Start of DATA EXCERPTS

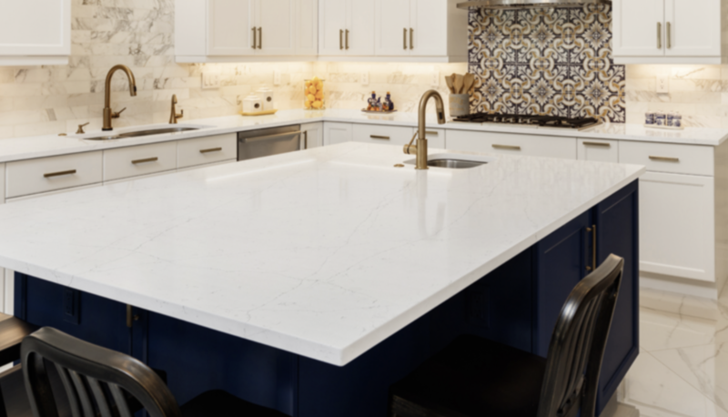 Quartz countertops are the hardest stone surfaces, made from naturally occurring minerals that are one of the hardest (7 on the Mohs Scale of 10). Classic quartz uses up to 90% of the purest quartz particles, melded with resins and pigments to make the most resilient surfaces on the market. Quartz countertops are produced in a strictly controlled environment to meet the most stringent safety standards in both manufacturing and finished product.
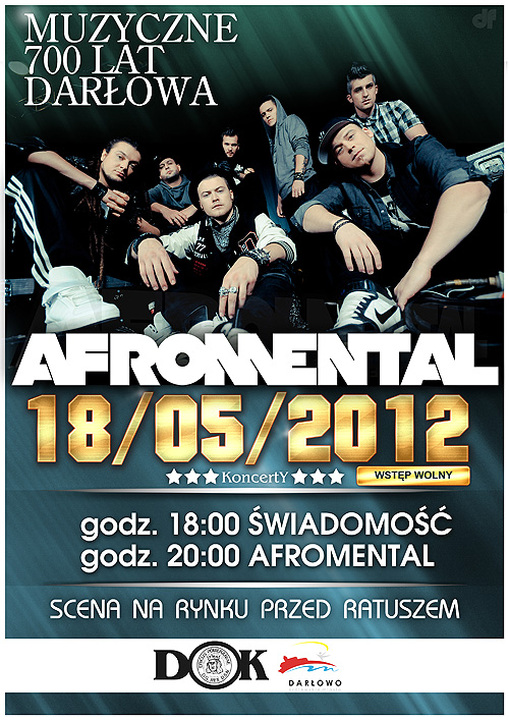 Piątek (18 maja) na rynku przed ratuszem o godzinie 18:00 usłyszymy nasz rodzimy zespół Świadomość z muzyką reggae w repertuarze a tuż po niej koncert dla mieszkańców Darłowa i wszystkich przybyłych gości da znany polski zespół grający muzykę z pogranicza funk, reggae, R&B, hip-hopu i soul - AFROMENTAL.
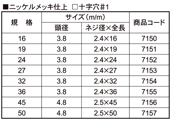 | サイズ | 表面処理 | 入数(単価:税込) ※最小販売条件:1小箱・袋〜 | 在庫
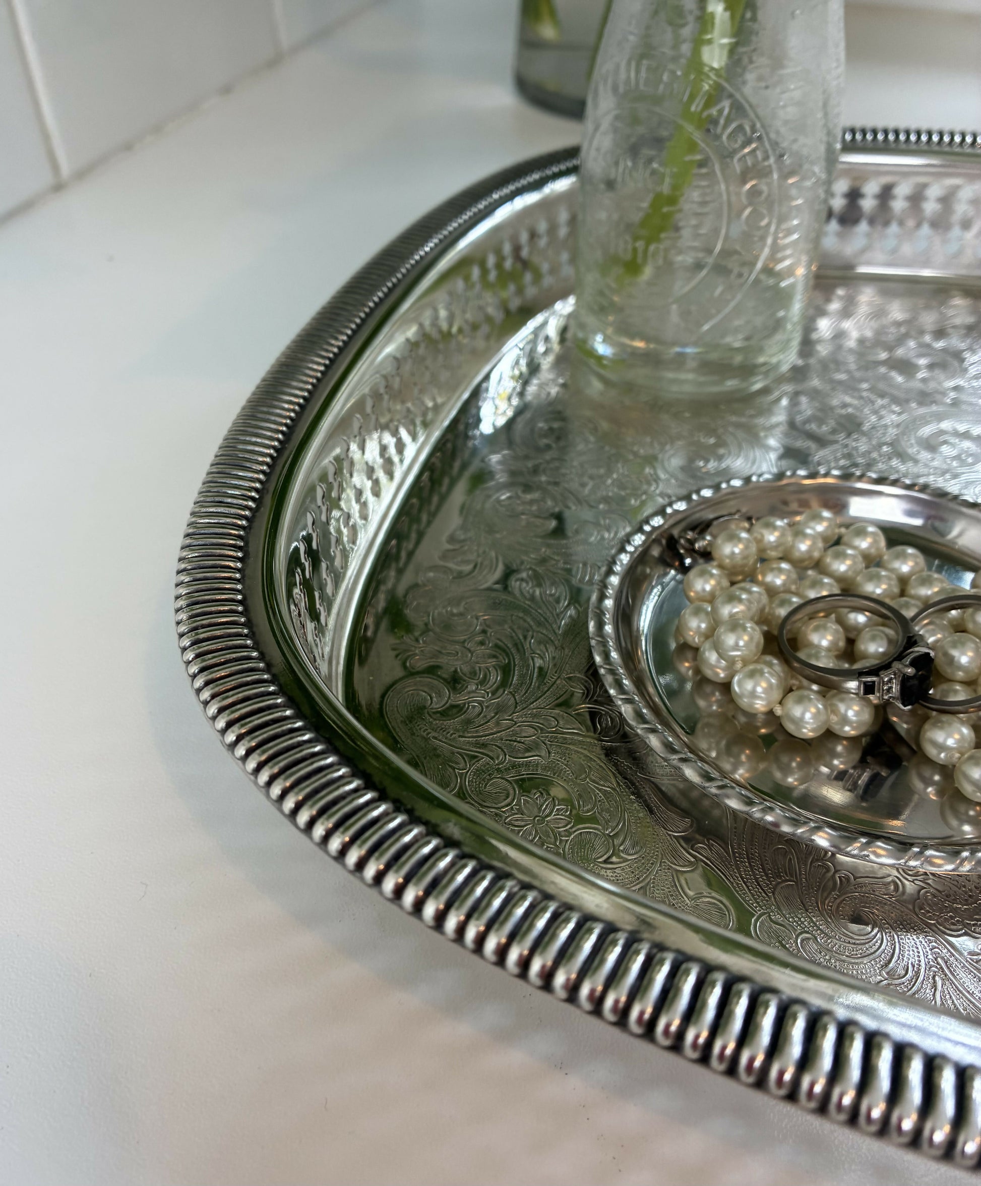 This gorgeous vintage tray is in excellent condition. No obvious blemishes at all. Not super heavy (630 grams), the tray is silver plate on copper. Stamped RODD on the base, it measures 39cm x 28cm x 3.5cm high
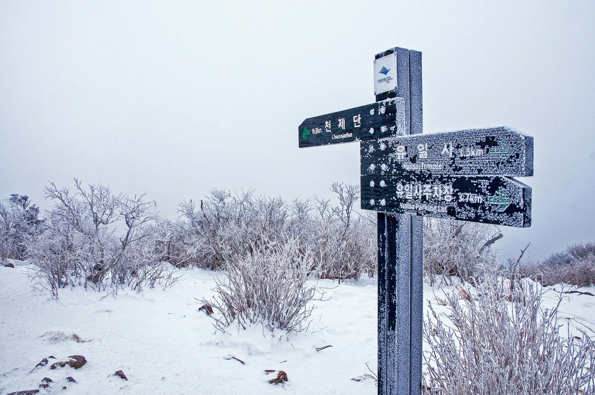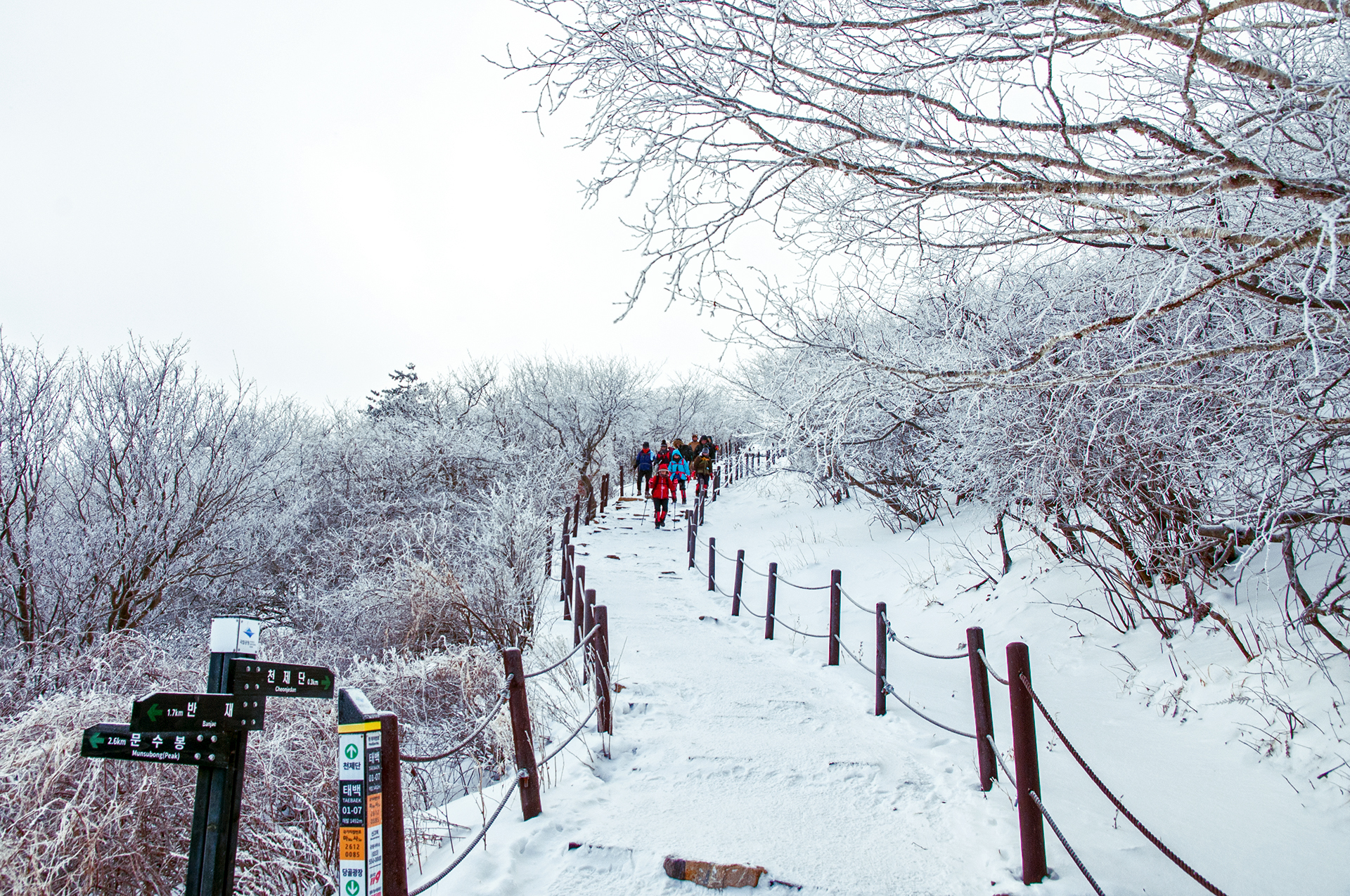 천제단까지는 비록 300m의 짧은 거리지만 겨울이면 최고의 풍경을 보여주는 능선길이다.

End of DATA EXCERPTS

WHAT YOU HAVE TO DO:
When you copy the data above, reproduce each line exactly and skip every image.

RESULT BELOW:
 Quartz countertops are the hardest stone surfaces, made from naturally occurring minerals that are one of the hardest (7 on the Mohs Scale of 10). Classic quartz uses up to 90% of the purest quartz particles, melded with resins and pigments to make the most resilient surfaces on the market. Quartz countertops are produced in a strictly controlled environment to meet the most stringent safety standards in both manufacturing and finished product.
 Piątek (18 maja) na rynku przed ratuszem o godzinie 18:00 usłyszymy nasz rodzimy zespół Świadomość z muzyką reggae w repertuarze a tuż po niej koncert dla mieszkańców Darłowa i wszystkich przybyłych gości da znany polski zespół grający muzykę z pogranicza funk, reggae, R&B, hip-hopu i soul - AFROMENTAL.
 | サイズ | 表面処理 | 入数(単価:税込) ※最小販売条件:1小箱・袋〜 | 在庫
 This gorgeous vintage tray is in excellent condition. No obvious blemishes at all. Not super heavy (630 grams), the tray is silver plate on copper. Stamped RODD on the base, it measures 39cm x 28cm x 3.5cm high
 천제단까지는 비록 300m의 짧은 거리지만 겨울이면 최고의 풍경을 보여주는 능선길이다.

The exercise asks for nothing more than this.